AerCap has terminated its bankruptcy lawsuit against Garuda Indonesia (GA, Jakarta Soekarno-Hatta), following the signing of a global side letter agreement to their original contract. Garuda has agreed to relocate nine leased B737-800s ahead of schedule as a result.

The deal, signed on July 28 and revealed in a stock exchange disclosure on July 30, will halt the lawsuit filed in June at the New South Wales Supreme Court in Sydney, Australia.
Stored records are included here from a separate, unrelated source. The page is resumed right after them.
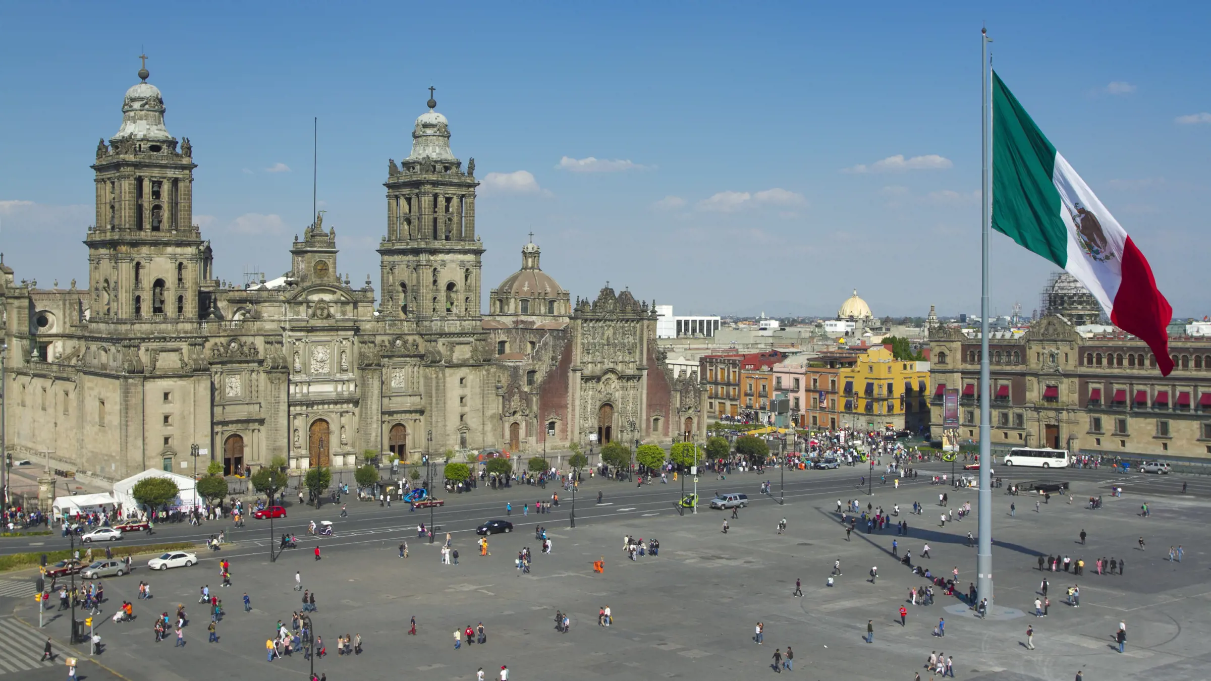 Wie gross schätzt du die Mexiko-Flagge, gehisst mitten auf dem Zócalo? Ganze 350 m2!-
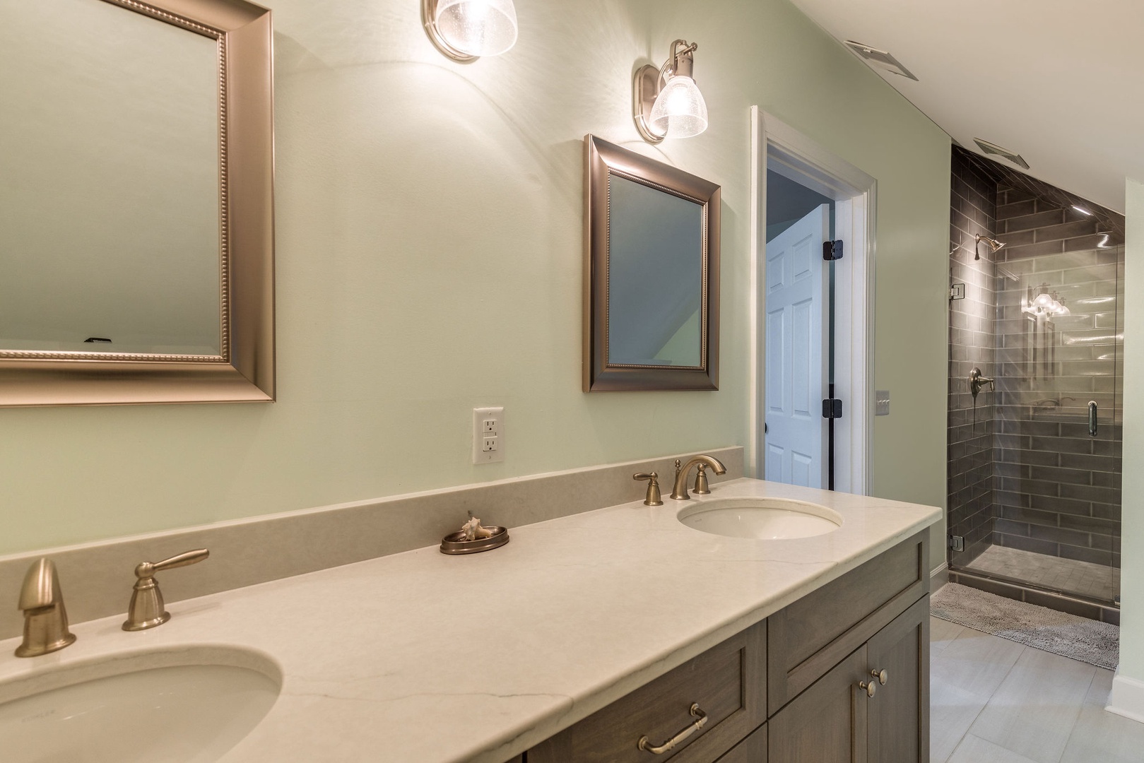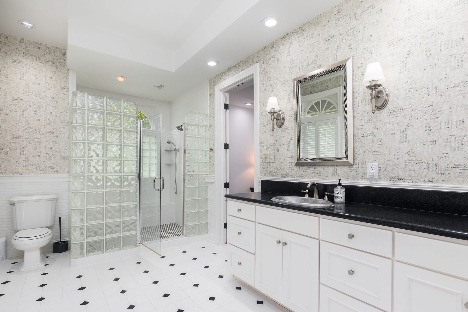 Coastal updated bathroom featuring double vanity, walk-in glass shower
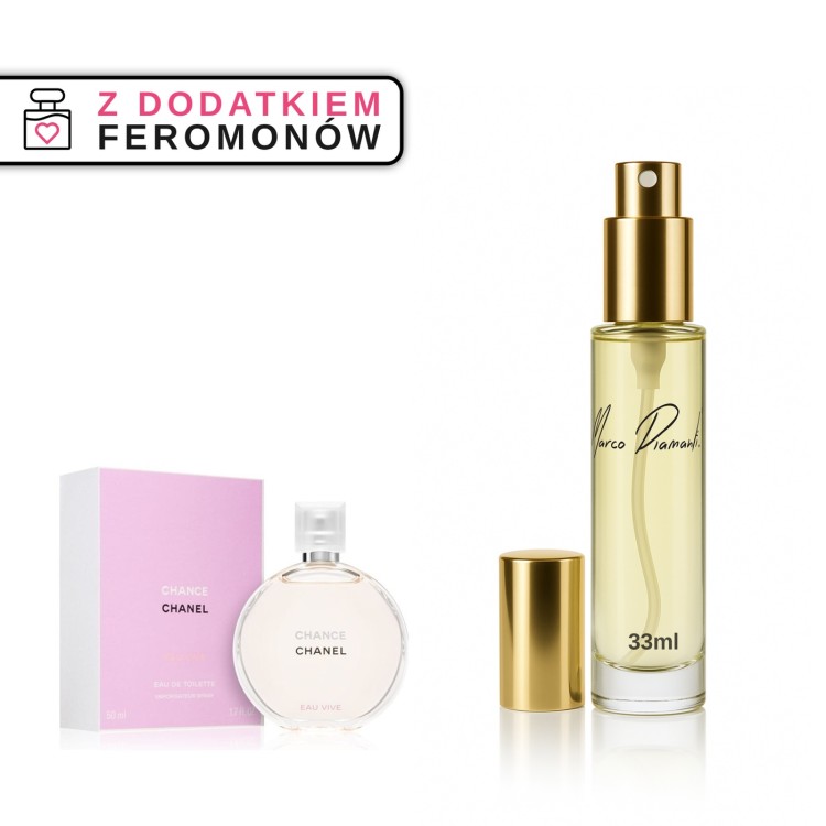 Zapach inspirowany Chanel Chance Eau Vive, nie jest jednak jej produktem ani oryginałem. To niezależna kompozycja zapachowa oparta na wysokiej jakości półproduktach, mieszanych przez nas, w Polsce.
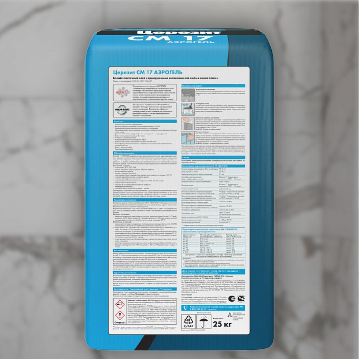 Клей для плитки Церезит CM 17 Аэрогель, 25 кг
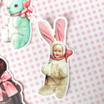 We have had our vintage Bunny Baby on the mantle forEVER. Vintage doll faced bunnies are so hard to come by and in all of our years of collecting we can honestly say that our specific Bunny Baby is the sweetest one we've ever seen. So of course we had to paint it!
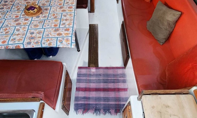 The cockpit in the stern can be utilized to catch nature and wildlife, especially in the early mornings and early evenings. Find a folding table in the cockpit as well for dining al fresco. The boat has limited power and only a flashlight for light.
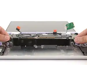 Поднимите её, чтобы открыть верхнюю панель от основания ноутбука.
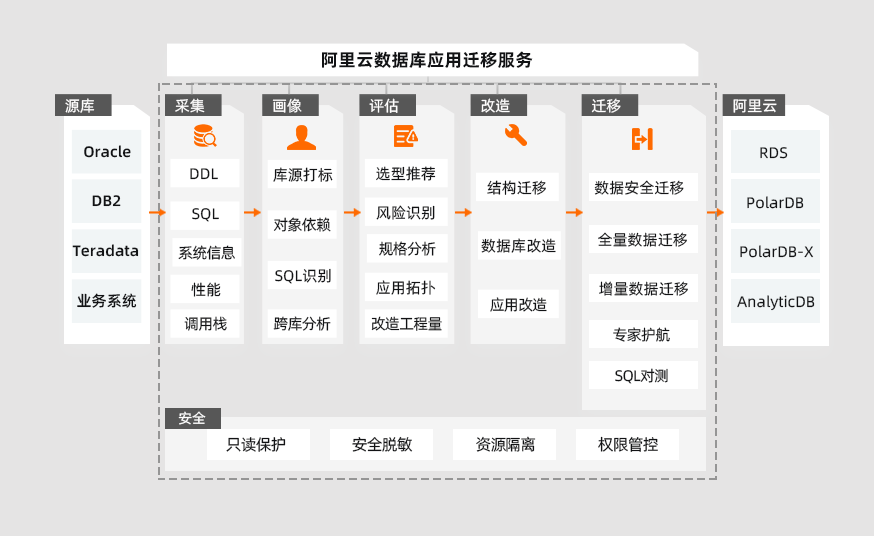 阿里云数据传输产品DTS结合应用和数据库迁移能力,形成一站式异构数据库迁移服务,帮助企业分析整个IT系统架构,实现迁移评估、结构和SQL转换、零停机数据迁移等全流程服务,显著降低迁移技术难度和成本,将不确定变为可评估可把控可执行,加速企业技术升级。
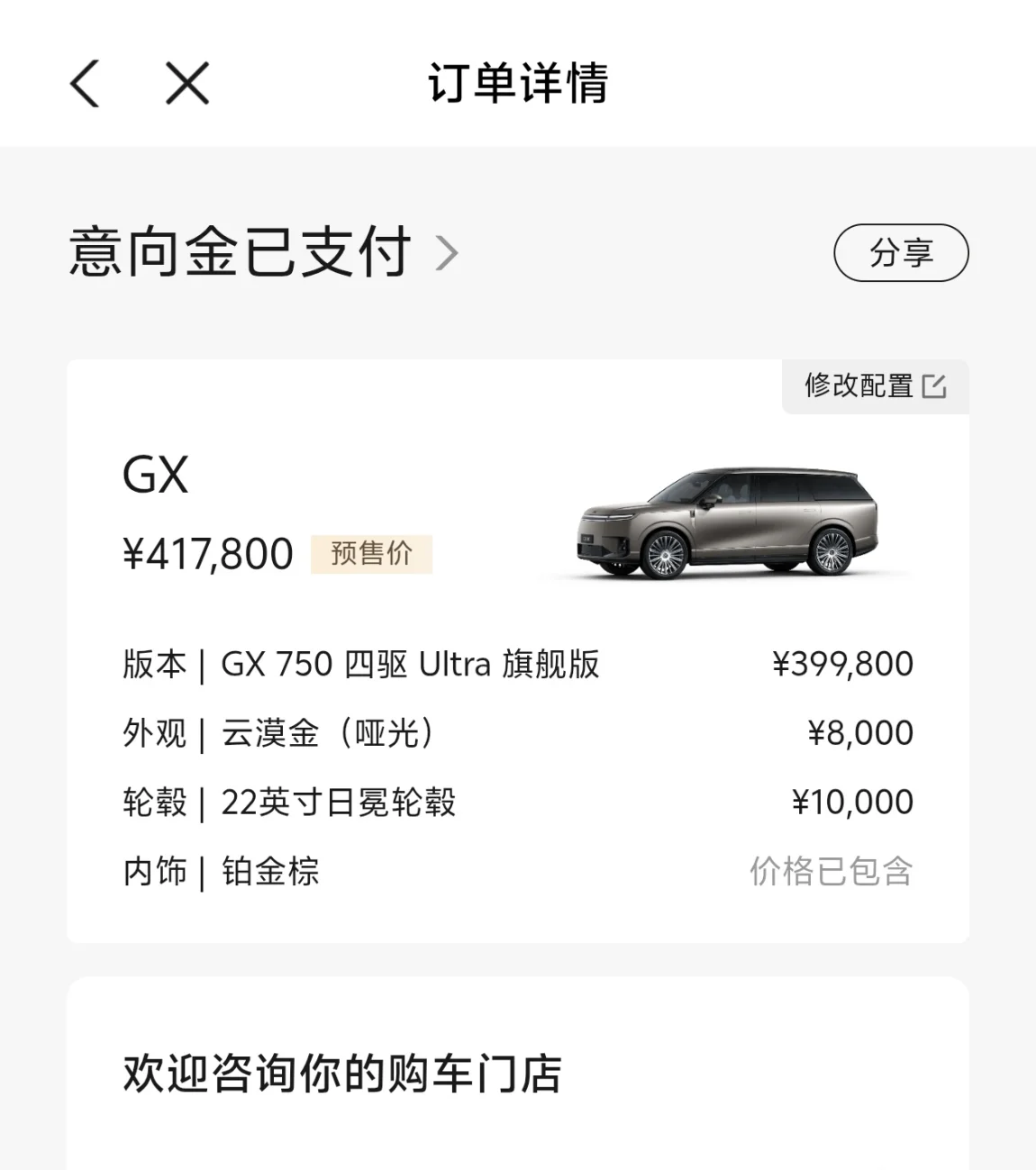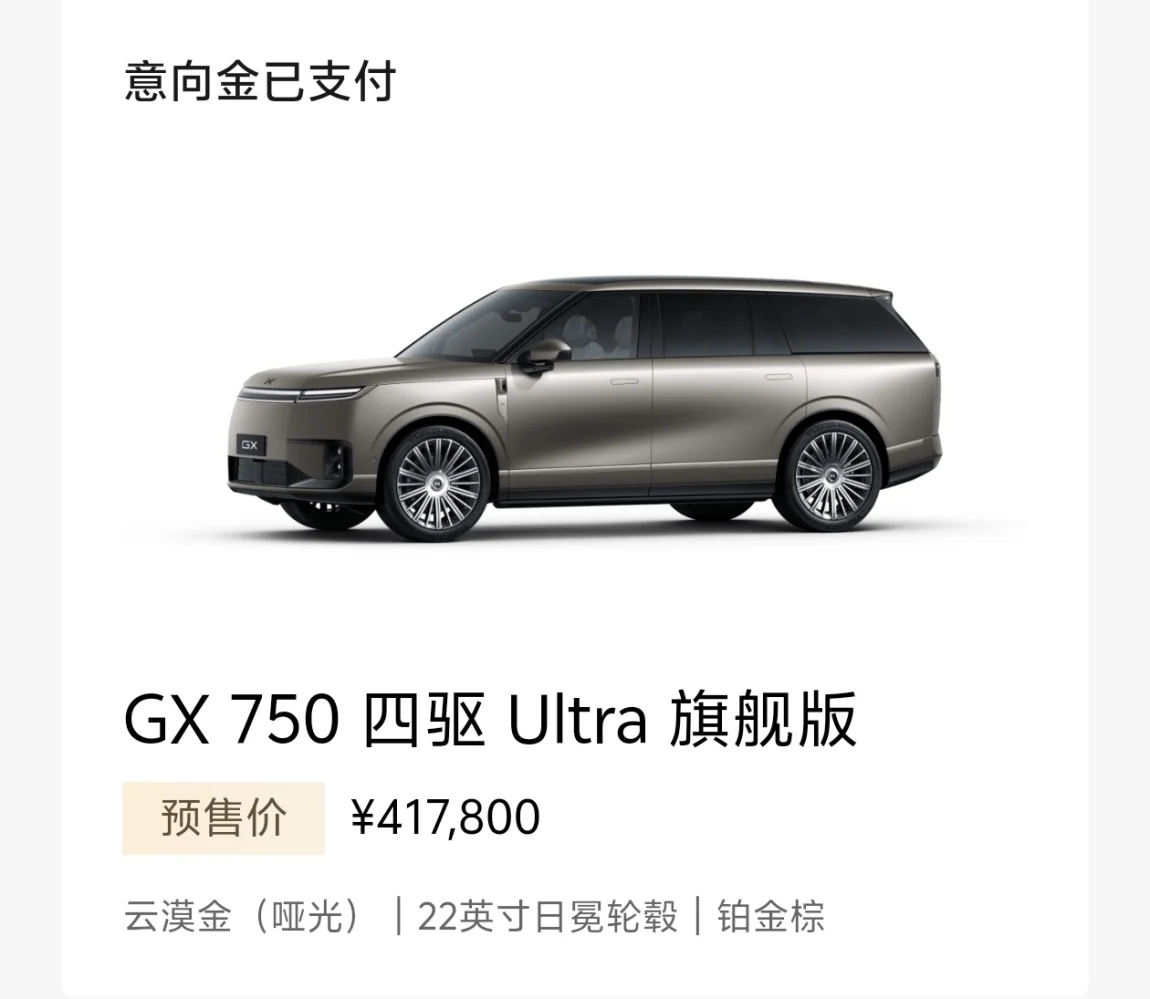#小鹏GX开启预售# 付完1000元意向金,心里满是期待与欢喜。从关注小鹏GX发布会开始就一直心动,反复对比后终于下定决心,静静等着新车到来,这份期待真的藏不住。 最让我动心的是它百万级的旗舰气场,加上超大一体式灯带,外观气场十足。智能驾驶好用又省心,AI隐私玻璃对家庭出行格外友好。我特意选了哑光云漠金这个新车色,哑光质感高级又独特,越看越喜欢,不管是科技豪华还是日常实用都很到位,下订一点不后悔。

AerCap initially filed a lawsuit against the cash-strapped flag carrier in London in May 2020. The lessor owns nine of the sixty-seven B737-800s that Garuda operates, and all nine have been stored at Jakarta Soekarno-Hatta since early April 2020, the ch-aviation fleets module shows.

The aircraft will now be relocated to an approved location, according to the disclosure. Garuda Indonesia’s director of maintenance, Rahmat Hanafi, pledged in the filing that the airline management would ensure that all aspects of flight operations would continue as usual. The deal, he added, was the result of Garuda’s attempts to negotiate with AerCap on several occasions to resolve the matter peacefully.

CEO Irfan Setiaputra verified the agreement to Reuters on August 2 and said that the details of the B737s’ return were still being discussed with the lessor.

Aercap and Garuda Indonesia did not immediately respond to ch-aviation’s request for comment.

Separately, on August 3, Indonesia’s minister of state-owned enterprises, Erick Thohir, told CNN Indonesia TV that he would order Garuda to stop competing with foreign airlines on international routes and focus instead on working the local market. Confirming statements he made in early June, he said he wanted Garuda to focus on its local business because 78% of tourists in the country are currently domestic tourists.

“It is better for us to control domestic tourism. Garuda will focus on domestic,” he said, adding that international competition would be left to more powerful carriers, such as Qatar Airways, Emirates, and Singapore Airlines.